This morning I woke with an image in mind of a series of archways, one above the other, each growing just a little larger than the one before. There was not much color; the space between each arch was a fairly nondescript cream color. Wondering where it came from, I jotted down the image in my journal, and then stood up with the intention of going upstairs to retrieve my reading glasses. Walking past one of our bookcases, I spotted a newspaper clipping that I found yesterday while going through some old newsletters. It was a clipping of an article entitled "Memory, migration and the startling art of Martin Ramirez" written by Caille Millner who at the time was writing for the San Francisco Chronicle. Unfortunately, the page is not dated, but I read online that she wrote for the Chronicle from 2012 to 2020. I think I initially discovered the article in 2019 or 2020. I rediscovered it this morning with a celebratory "Aha!" and examined the article more closely than I did yesterday. The article also included a photograph of some of the art with the description: "An untitled work by Martin Ramirez from a 1970 show at the San Francisco Art Institute".

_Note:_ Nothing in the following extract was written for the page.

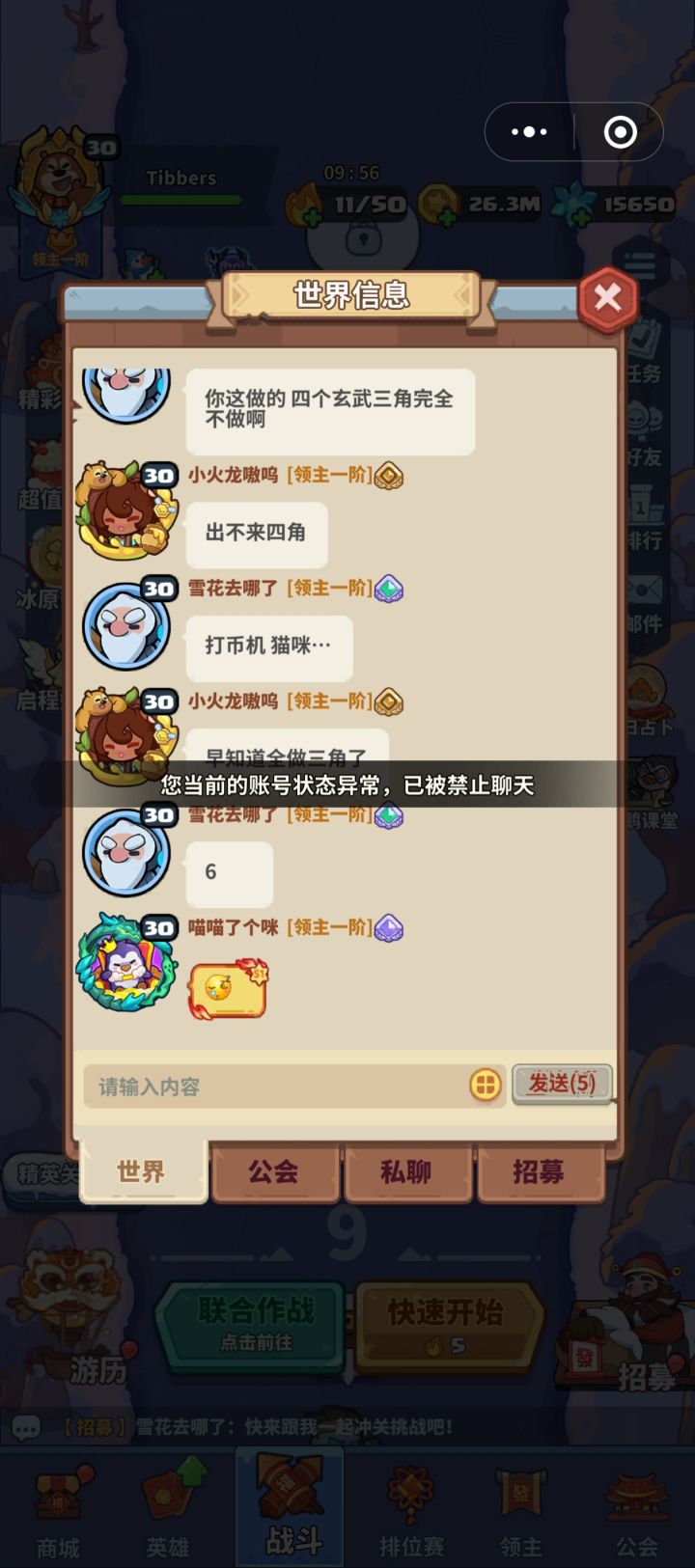 客户端:微信小程序ID:580795941635700583区服:心灵之声27服名字:Tibbers问题:游戏被禁言 禁言一个多月了,能不能解封啊#快来当领主小天使 #禁言 #快来当领主

Millner began her article with, "Born into an impoverished farming family in a rural province of Mexico, Ramirez joined that country's first wave of economic driven migration to the United States in 1925. He worked his way to California, only to find his prospects dimmed by the Great Depression. When the San Joaquin County police picked him up on the street in 1931, it set in motion the then simple process of having him committed to a mental institution for the rest of his life. That was the last episode of his public life in any country."
Yet, Ramirez, who eventually received a diagnosis of schizophrenia, drew and painted on any piece of paper he could get, including paper bags and gum wrappers, and did so for the rest of his life. It is a complicated story, but his story and his art have endured. Millner cites the research of Victor Espinosa who even met with Ramirez's family in Mexico to try to more fully understand Ramrez's life and art so that his story did not completely disappear.
I am sure that when I first came across this article, I was more intrigued by the art rather than trying to take in the story. However, I believe many of us are now understanding more fully that our nation has long found immigrants, the ill, the impoverished, and generally those of another culture as more of a nuisance rather than people with a history worth listening to and exploring.